Copy out again, unchanged, the listing below from the line that has "Непосредственно в подчинении" through the line that has "有網友反饋說,如果用小蘇打清".
══ INPUT DATA ══
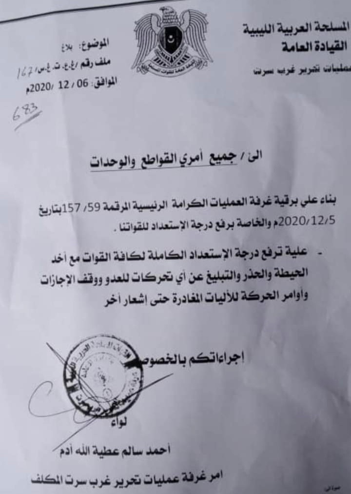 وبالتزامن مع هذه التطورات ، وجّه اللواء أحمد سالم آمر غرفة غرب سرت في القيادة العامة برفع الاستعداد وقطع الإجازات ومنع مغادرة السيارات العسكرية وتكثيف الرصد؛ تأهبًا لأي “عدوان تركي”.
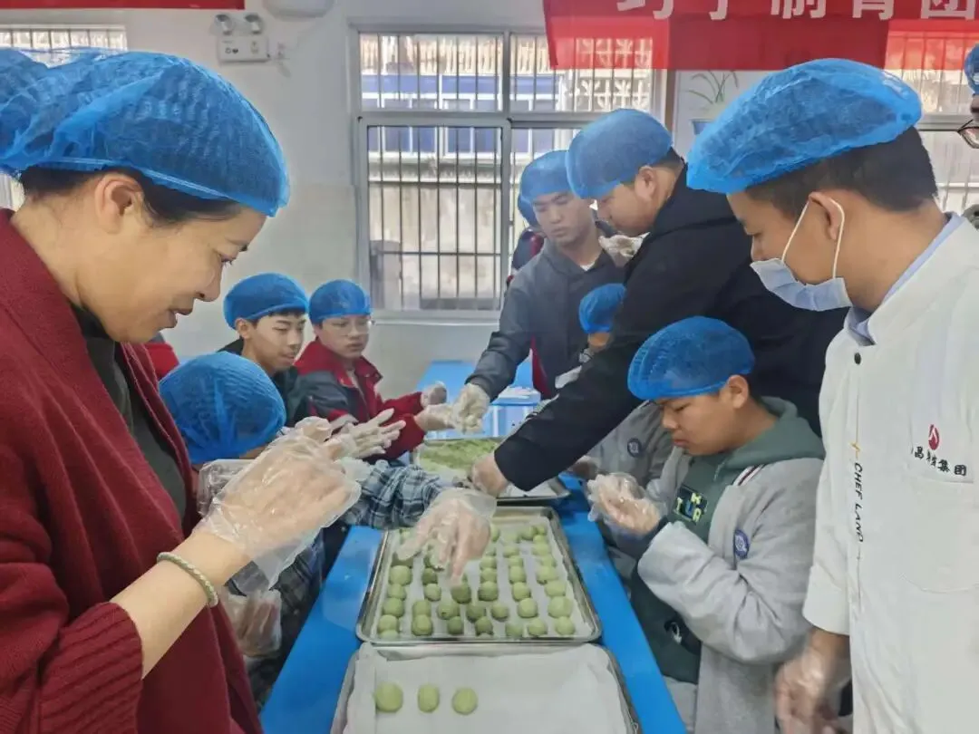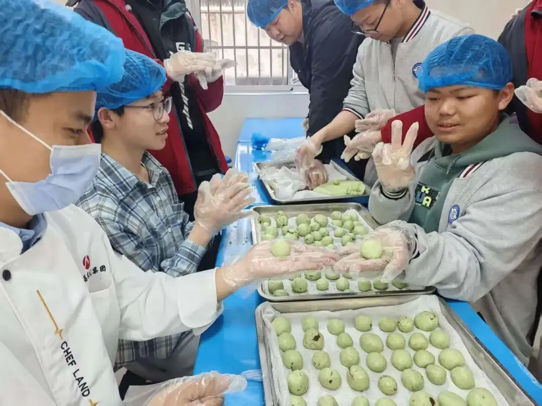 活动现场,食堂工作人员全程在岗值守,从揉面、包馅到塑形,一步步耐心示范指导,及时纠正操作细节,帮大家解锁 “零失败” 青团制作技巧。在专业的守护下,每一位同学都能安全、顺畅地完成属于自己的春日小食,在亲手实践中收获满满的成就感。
═══
══ INPUT DATA ══
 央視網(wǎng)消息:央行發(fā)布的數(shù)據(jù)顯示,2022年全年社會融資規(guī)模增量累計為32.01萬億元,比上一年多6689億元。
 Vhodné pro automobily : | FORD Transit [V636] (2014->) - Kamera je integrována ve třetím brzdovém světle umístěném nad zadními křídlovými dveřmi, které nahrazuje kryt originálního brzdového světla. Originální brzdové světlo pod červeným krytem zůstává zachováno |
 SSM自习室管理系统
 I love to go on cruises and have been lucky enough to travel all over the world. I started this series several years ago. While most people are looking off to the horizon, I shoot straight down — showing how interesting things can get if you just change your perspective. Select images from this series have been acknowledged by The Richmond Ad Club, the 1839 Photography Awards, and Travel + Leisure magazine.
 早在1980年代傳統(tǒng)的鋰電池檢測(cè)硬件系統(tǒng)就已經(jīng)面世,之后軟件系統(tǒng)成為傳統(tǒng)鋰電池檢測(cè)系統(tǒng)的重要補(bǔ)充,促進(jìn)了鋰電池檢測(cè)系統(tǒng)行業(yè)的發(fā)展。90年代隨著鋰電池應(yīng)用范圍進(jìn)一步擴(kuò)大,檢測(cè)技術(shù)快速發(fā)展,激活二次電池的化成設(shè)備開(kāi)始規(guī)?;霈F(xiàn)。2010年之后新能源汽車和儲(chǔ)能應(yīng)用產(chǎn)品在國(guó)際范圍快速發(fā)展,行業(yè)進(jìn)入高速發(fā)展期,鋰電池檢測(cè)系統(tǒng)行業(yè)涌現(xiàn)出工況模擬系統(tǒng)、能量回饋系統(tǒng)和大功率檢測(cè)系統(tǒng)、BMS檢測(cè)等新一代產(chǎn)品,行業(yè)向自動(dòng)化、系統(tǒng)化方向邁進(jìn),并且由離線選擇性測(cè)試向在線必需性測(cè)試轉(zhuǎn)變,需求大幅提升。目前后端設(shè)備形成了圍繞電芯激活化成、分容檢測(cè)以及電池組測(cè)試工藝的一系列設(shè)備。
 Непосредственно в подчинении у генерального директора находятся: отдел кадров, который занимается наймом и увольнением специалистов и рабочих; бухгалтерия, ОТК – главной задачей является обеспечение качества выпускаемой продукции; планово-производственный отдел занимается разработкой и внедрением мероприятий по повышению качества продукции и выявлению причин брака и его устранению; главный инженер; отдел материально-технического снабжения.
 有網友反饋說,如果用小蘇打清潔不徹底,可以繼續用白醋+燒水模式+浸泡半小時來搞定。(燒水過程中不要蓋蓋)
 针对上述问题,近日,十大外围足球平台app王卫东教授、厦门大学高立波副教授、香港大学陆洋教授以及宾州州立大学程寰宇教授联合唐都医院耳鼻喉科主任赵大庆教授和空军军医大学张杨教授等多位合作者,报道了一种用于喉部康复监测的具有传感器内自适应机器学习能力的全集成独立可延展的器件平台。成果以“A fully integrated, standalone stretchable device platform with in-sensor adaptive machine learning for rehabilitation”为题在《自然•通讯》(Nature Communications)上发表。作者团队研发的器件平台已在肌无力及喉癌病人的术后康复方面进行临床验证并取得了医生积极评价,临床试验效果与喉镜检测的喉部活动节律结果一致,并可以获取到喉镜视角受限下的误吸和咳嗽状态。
═══
RESULT OF THE TASK ::
 Непосредственно в подчинении у генерального директора находятся: отдел кадров, который занимается наймом и увольнением специалистов и рабочих; бухгалтерия, ОТК – главной задачей является обеспечение качества выпускаемой продукции; планово-производственный отдел занимается разработкой и внедрением мероприятий по повышению качества продукции и выявлению причин брака и его устранению; главный инженер; отдел материально-технического снабжения.
 有網友反饋說,如果用小蘇打清潔不徹底,可以繼續用白醋+燒水模式+浸泡半小時來搞定。(燒水過程中不要蓋蓋)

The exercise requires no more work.